"All life is only a set of pictures in the brain among which there is no difference between those born of real things and those born of inward dreaming." Lovecraft "What summons us forth, then, is the image which is not the divine but for the moment contains the numinous." James Hollis
Thursday, November 17, 2016
the belated, truncated halloweenfest: alone in the dark
(1982. dir: Jack Sholder) An overlooked classic from the eighties, it's a slasher movie, a home invasion film, a lunatics-escaped-from-the-asylum story. It's got a satirical message to deliver about the violence of society, and, although it's a little heavy-handed, its wry sensibility and near-flawless cast sees it through.
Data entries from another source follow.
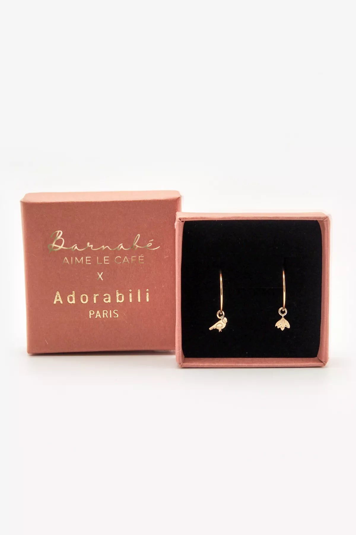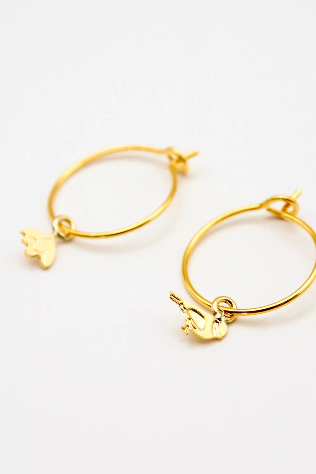 Fines créoles fleur et mésange en laiton doré à l'or fin 24 carats. Pas de trace de métal allergisant.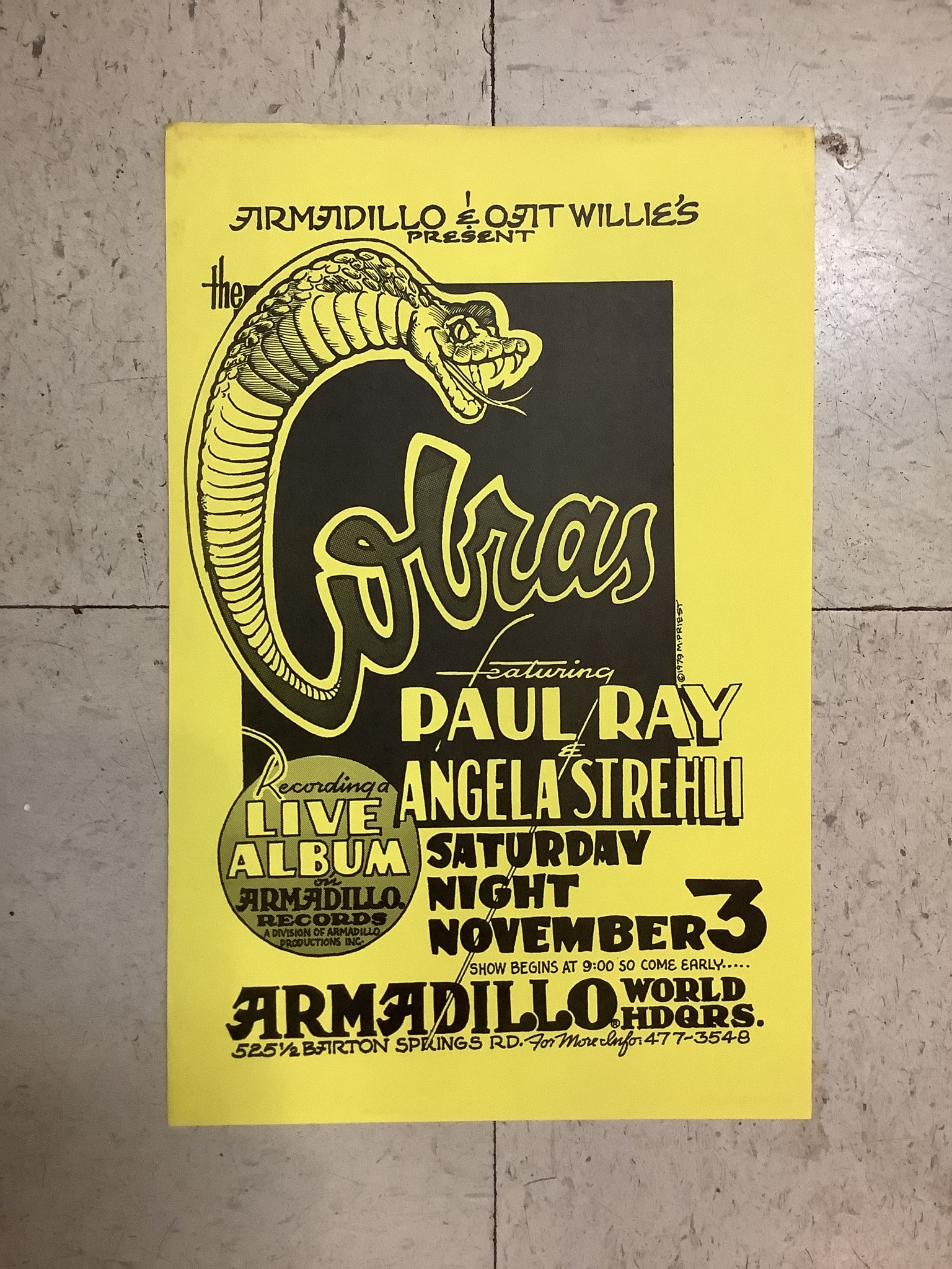 Vintage Armadillo World Headquarters poster designed by Micael Priest. Measures 11x17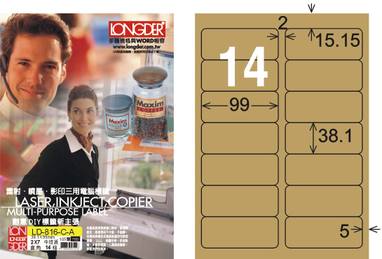 商品名稱:龍德 LD-816-C-A A4三用電腦標籤 牛皮紙 / 盒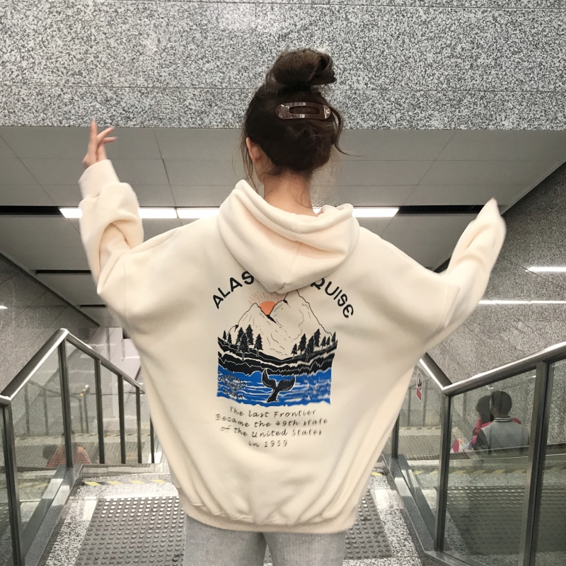 秋冬女裝韓版慵懶風寬松原宿風卡通字母加絨加厚連帽衛衣上衣外套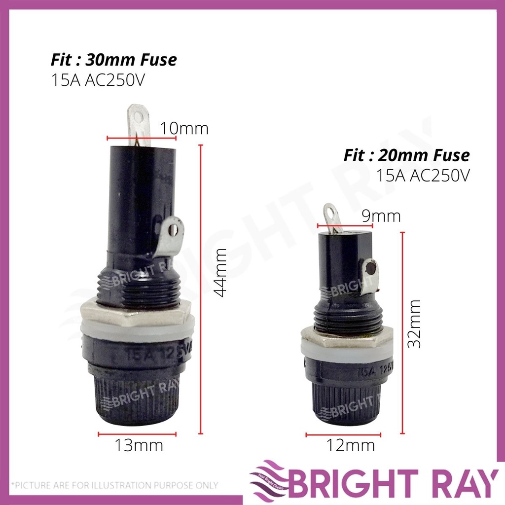 [1PC] SCREW type Fuse Holder 15A AC250V Glass Fuse Holder 5mm x 20mm / 6mm x 30mm Mounted Screw Cap Fuse Holder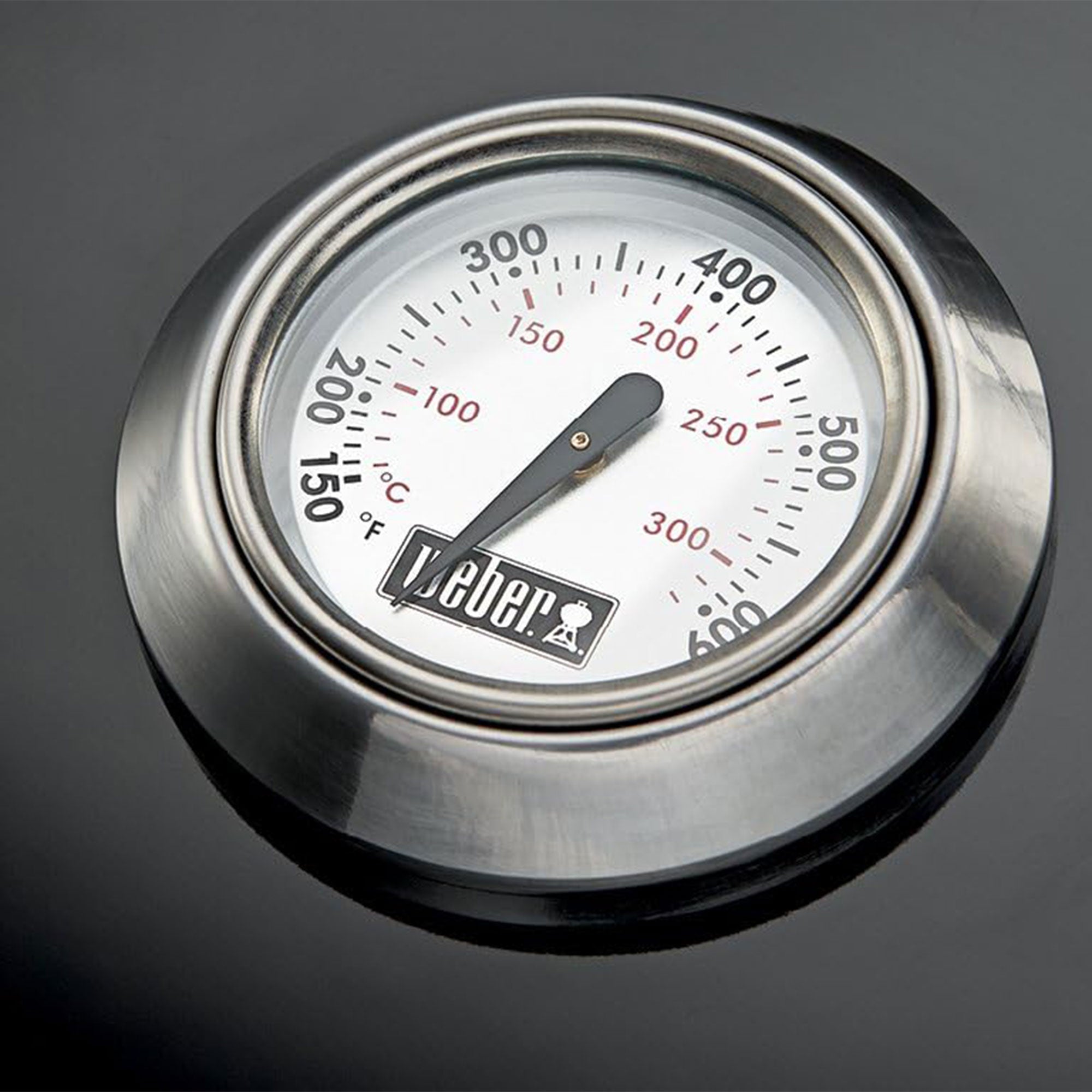 - Porcelain enamel bowl and lid, with a built-in thermometer and heat shield, provide precise cooking control and a cool-touch handle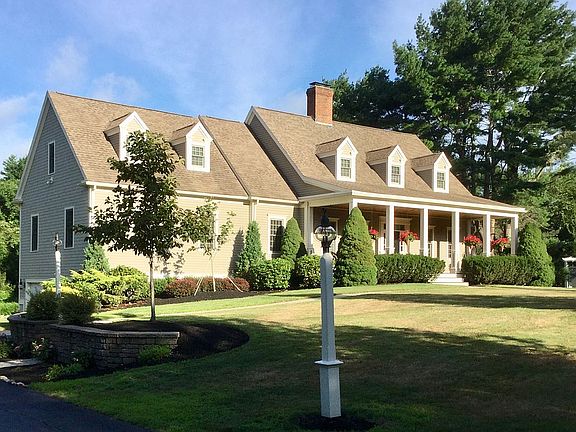 The open floor plan, 9 foot ceilings, expansive dining room, and beautiful large covered mahogany front porch make this 4200 SF, 4 bedroom, 2.5 bath expanded Cape style home ideal for entertaining and taking in the beautiful surroundings. The gourmet kitchen, finished in high end cabinets, granite counters, and stainless steel appliances, is open to an elegant two story family room with impressive fireplace. The french doors open onto another mahogany deck which provides the perfect perch to view the large manicured, private, tree-lined landscape, ideal for playing ball, entertaining or a future pool. The generous dining room is well-suited for large gatherings and adjoins a sitting room that provides a quiet spot for morning coffee or after dinner conversation. The first floor Master suite features granite and high end cabinets and a large Jacuzzi tub, separate shower, and a large walk in closet. A half bath with convenient washer/dryer closet completes the first floor. The upper level has three generous bedrooms and a bathroom. One of the bedrooms is quite large and is also well suited as a Master Bedroom. The finished walk out lower level has sliders to paved patio, a second fireplace and is the perfect space for watching movies, or a playroom. The unfinished basement has ample storage, and art, craft or exercise area with window. A brand new Buderus furnace and stainless steel water tank each with a warranty were just installed. The exterior of the home was recently repainted and wrapped in beautiful new double dipped Maibec cedar shingles in Cape Cod Gray. The home is surrounded with well-manicured grounds and ample, mature landscaping. This home is wired for a security system and has an automated sprinkler system. It has never had pets or smokers and has been impeccably maintained.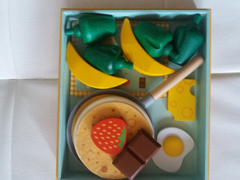 Купили эту игру 3 года назад, когда доче было 3 года, и все 3 года, она у моей дочки одна из самых востребованных игр, да детали небольшие, но сделано все настолько аккуратно и красиво, что хочется возвращаться к ней вновь и вновь. Мы еще дополнили ее бананами и перчиками, которые тоже купили в этом замечательном магазине. И блинчики, и салатик, десерт получается! Жаль, что в ассортименте есть только перчик и банан, были бы другие овощи-фрукты, обязательно докупили бы. Спасибо Fkip.kz!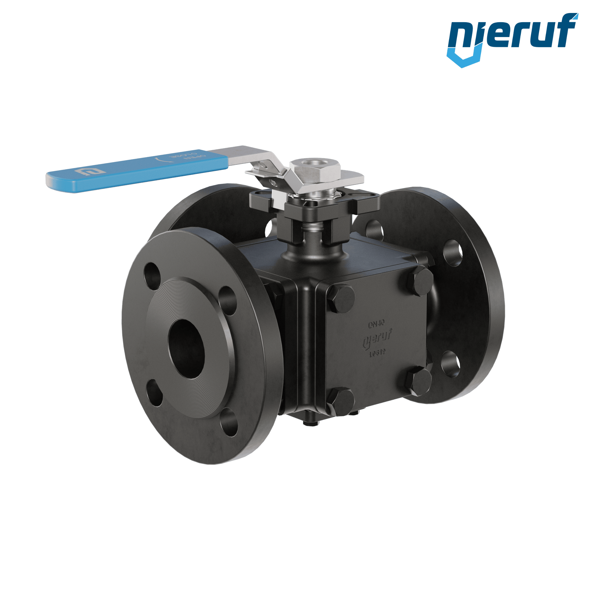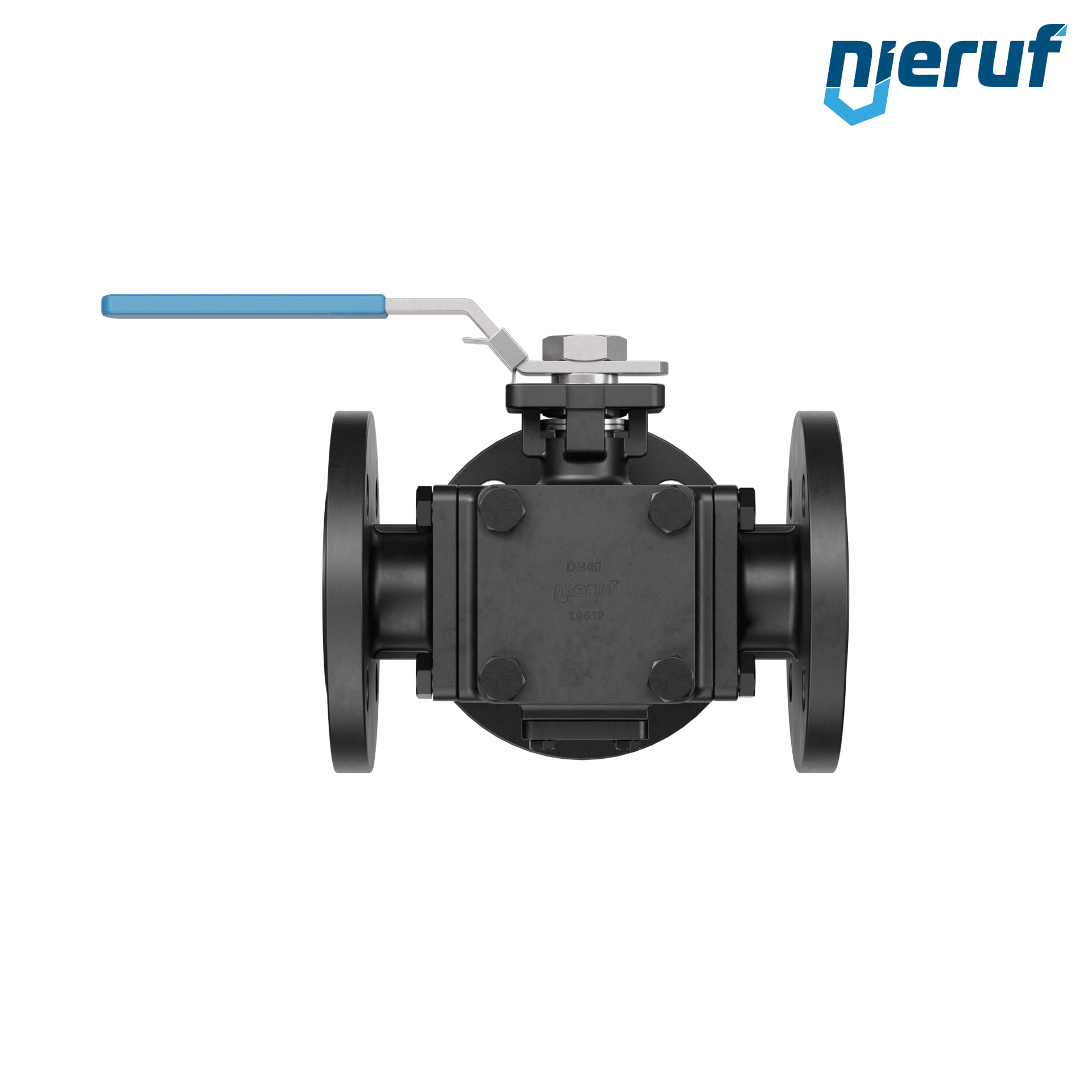 robinet à boisseau sphérique à brides 3 voies DN40 PN16/40 FK08 corps en acier moulé 1.0619 sphère en acier moulé 1.4308 joint TFM 1600 / PTFE lumière en L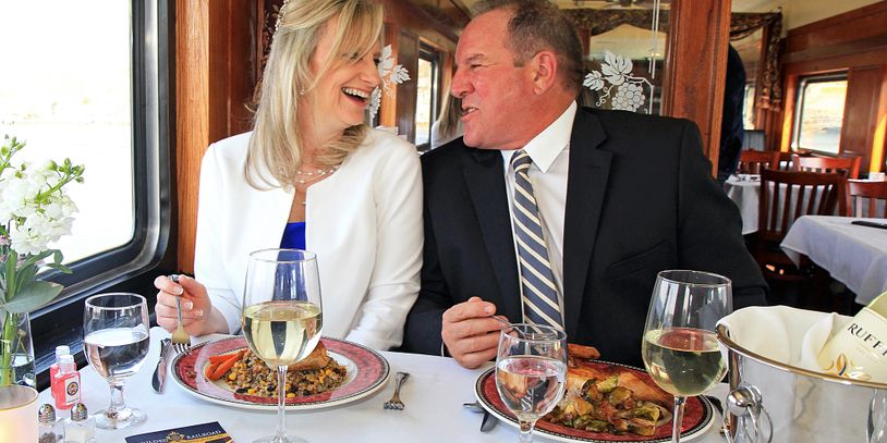 Reservations are required. When Booking your reservation, select the train you would like to experience, then choose your menu sections. The Train ticket does not include the price of the meal. Meals are chosen separately, and range in price like a traditional restaurant, along with other food options, like appetizers (additional charge) and deserts,. At checkout, the total ticket price will be calculated before any purchase is necessary. Once the experience, meal, and any additional options are chosen, the complete train ticket is ready for purchase. Your final ticket price includes the train ride and full-course meal, meal gratuity, and taxes. Tickets are nonrefundable and non-reschedulable within seven days from departure. Soft drinks and alcoholic beverages are additional and can be purchased onboard the train. Cash and all major CC’s accepted onboard our trains. See our menu page for complete meal descriptions.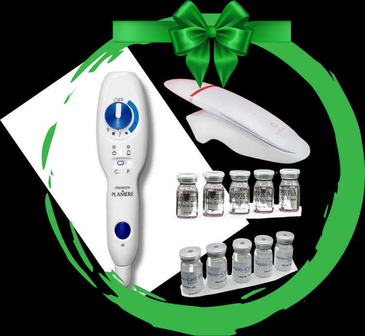 Experience the opulence of the esteemed Plasma Premium Plamere device, complemented by a selection of exquisite serums and our FACE VITAL Skin Scrubber. Take advantage of our bundled offer to optimize your savings and elevate your skincare regimen to a luxurious standard. Immerse yourself in the lavishness of the Premium Plamere Plasma device, enriched by our exclusive serums, as they bestow your skin with nourishment and radiance. Do not overlook this refined bundle, meticulously crafted to pamper you with sophistication and refinement.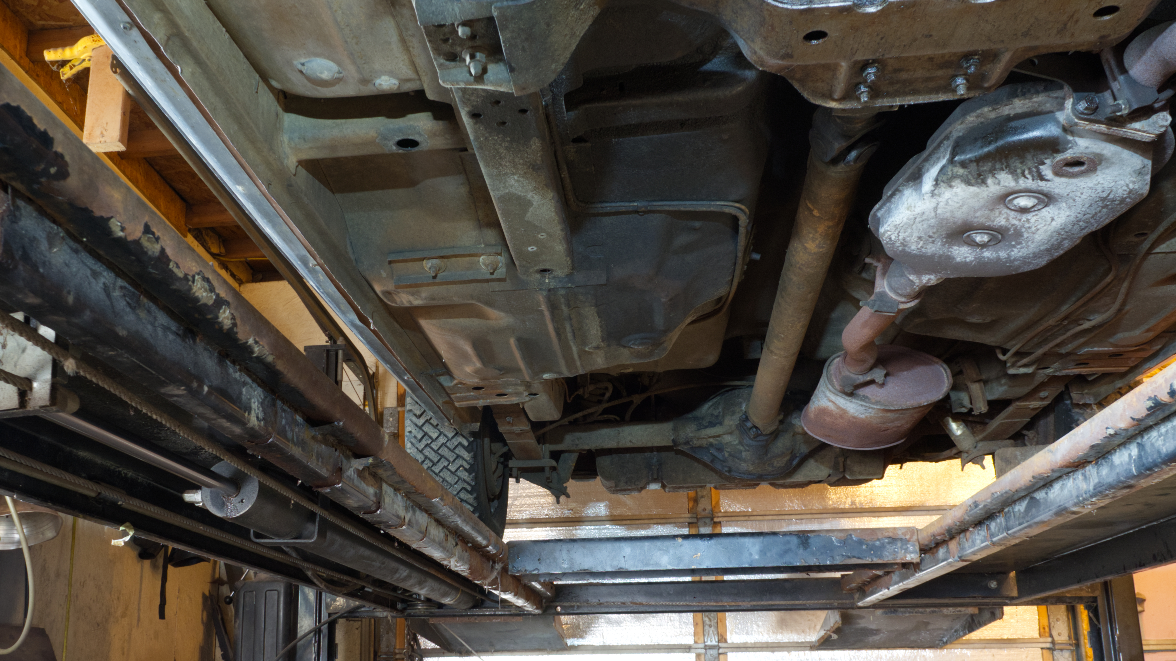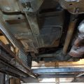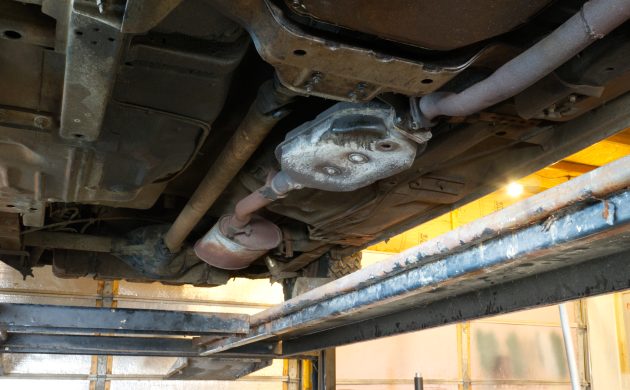 The seller made sure to provide photos of the undercarriage, which appears to be in decent condition. The car rides on older tires with good tread, though the seller recommends replacement due to age. They also report that the suspension components, including bushings and shocks, are likely original and are showing their age, so plan on servicing the suspension in the near future.

A blackout frees the most dangerous lunatics (termed "voyagers" by sensimilla-smoking head-shrink Donald Pleasence, uncomfortable with the connotations of "psychopath", a man whose laissez-faire approach leads him to allow matches on request to a pyromaniac) from an asylum and they target the family of a new doctor, convinced that he has murdered his predecessor, whom they respected. Imagine the joy of an underplayed (!) menace by looney-in-chief Jack Palance, truly glorious, or the infectious glee of Martin Landau's butcher-knife-brandishing preacher roaring, "Vengeance is mine, saieth the Lord!" It's got all the tropes, the punished-by-death teenaged-babysitter sex, gruesome murders by crossbow, cleaver, and baseball bat, and a creepy, neon-lit dream sequence to open the festivities.
It doesn't shirk the blood, guts, rising tension, or jump-scares, enjoying itself thoroughly the entire way.